Exposes an application running in your cluster behind a single outward-facing endpoint, even when the workload is split across multiple backends.

Given the dynamic and ephemeral nature of Pods, new instances, less instances, healthy, unhealthy, just keeping track of the Pod instances is complex, let alone managing and binding to their IP addresses.

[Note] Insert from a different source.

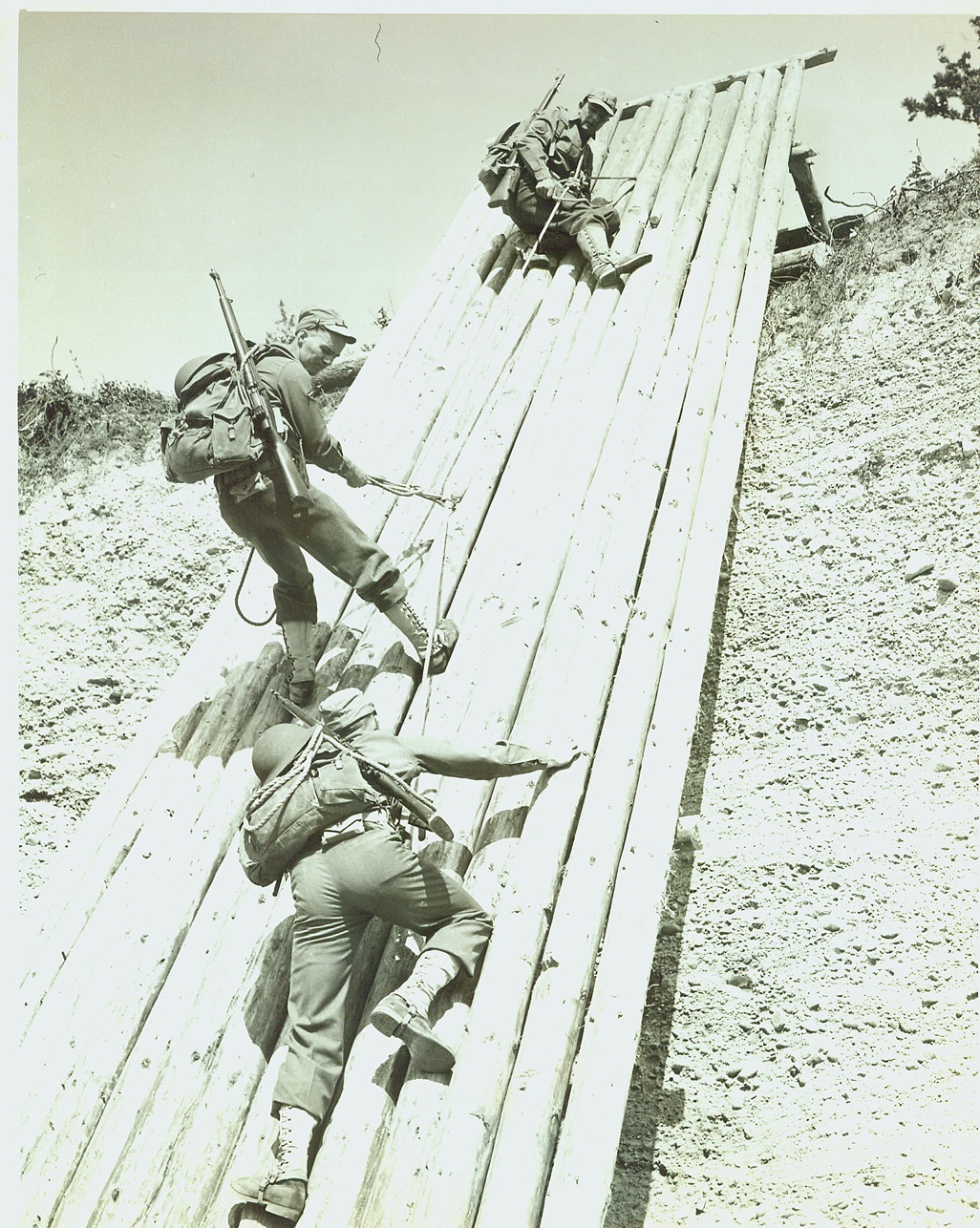 Ski Troops in Winter-Mountaineers in Summer, 8/16/1942. PACIFIC NORTHWEST – A new branch has been added to Uncle Sam’s Army – a full-fledged “Mountain Regiment”, with 1,400 men who are undergoing a rigid and specialized training program. Last winter these same men formed the first organized ski troop battalion in the U.S., but now that the ice and snow has given way to summer heat and dust they are being developed into a regiment intended as a nucleus for similar units of mountain infantry. The regiment’s commanding officer, Col. O.S. Rolph, inaugurated the ski patrol and today personally supervises every phase of the thorough training of the “Mountaineer Infantry”. These photos, taken at the Mountaineering Training Area, show some phases of the training. New York Bureau Carrying slung Garand rifles and a full pack, the men ascend the wooden ramp in teams of three tied together with safety ropes. Notches cut in the logs offer toe and finger holds. Credit: (ACME);

An example, suppose you have a set of Pods that each listen on TCP port 9376 and are labelled as app.kubernetes.io/name=MyApp, here’s a Service to publish that TCP listener:

apiVersion: v1
kind: Service
metadata:
  name: das-service
spec:
  type: NodePort
  selector:
    app.kubernetes.io/name: MyApp
  ports:
    - targetPort: 9376
      port: 80
      nodePort: 30008

There’s a few options to bind a service to an externally routable IP:

  • ClusterIP: (default) assigns the service a cluster-internal IP, making it reachable only within the cluster
  • NodePort: Exposes the Service on each Node’s IP at a static port (30000-32767)
  • LoadBalancer: Exposes the Service externally using an external load balancer (Kubernetes does not offer a load balancing component)
  • ExternalName: Maps the Service to the contents of the externalName field (e.g. api.foo.bar.example).

Namespaces

Provide a mechanism for isolating groups of resources within a single cluster. Names of resources need to be unique within a namespace, but not across namespaces. Namespace-based scoping is applicable only for namespaced objects (e.g. Deployments, Services, etc) and not for cluster-wide objects (e.g. StorageClass, Nodes, PersistentVolumes, Ingresses etc).

I think this is amazing, kubernetes itself runs on kubernetes, the ultimate dog fooding, it installs itself under the following namespaces:

  • default: Kubernetes includes this namespace so that you can start using your new cluster without first creating a namespace.
  • kube-node-lease: This namespace holds Lease objects associated with each node. Node leases allow the kubelet to send heartbeats so that the control plane can detect node failure.
  • kube-public: This namespace is readable by all clients (including those not authenticated). This namespace is mostly reserved for cluster usage, in case that some resources should be visible and readable publicly throughout the whole cluster. The public aspect of this namespace is only a convention, not a requirement.
  • kube-system: The namespace for objects created by the Kubernetes system.

Resources within a namespace can be DNS resolved:

mysql.connect('mydb')

However, connecting to another namespace (e.g. dev) requires a suffix:

mysql.connect('mydb.dev.svc.cluster.local')

Working with namespaces

# List all namespaces
kubectl get namespaces --show-labels
# Set default namespace
kubectl config set-context --current --namespace=<insert-namespace-name-here>
# Validate it
kubectl config view --minify | grep namespace:

Creating a new namespace

Declaratively

apiVersion: v1
kind: Namespace
metadata:
  name: <insert-namespace-name-here>

Imperatively

kubectl create namespace <insert-namespace-name-here>

Namespace-less objects

# In a namespace
kubectl api-resources --namespaced=true
# Not in a namespace
kubectl api-resources --namespaced=false

Gems

  • RFC1035: Some resource types require their names to follow the DNS label standard, at most 63 characters, only lowercase alphanumeric characters or ‘-’, start with an alphabetic character and end with an alphanumeric character
  • Gateway API An official Kubernetes project focused on L4 and L7 routing in Kubernetes. This project represents the next generation of Kubernetes Ingress, Load Balancing, and Service Mesh APIs. From the outset, it has been designed to be generic, expressive, and role-oriented.
  • Headless Services allows a client to connect to whichever Pod it prefers, directly. Services that are headless don’t configure routes and packet forwarding using virtual IP addresses and proxies; instead, headless Services report the endpoint IP addresses of the individual pods via internal DNS records, served through the cluster’s DNS service.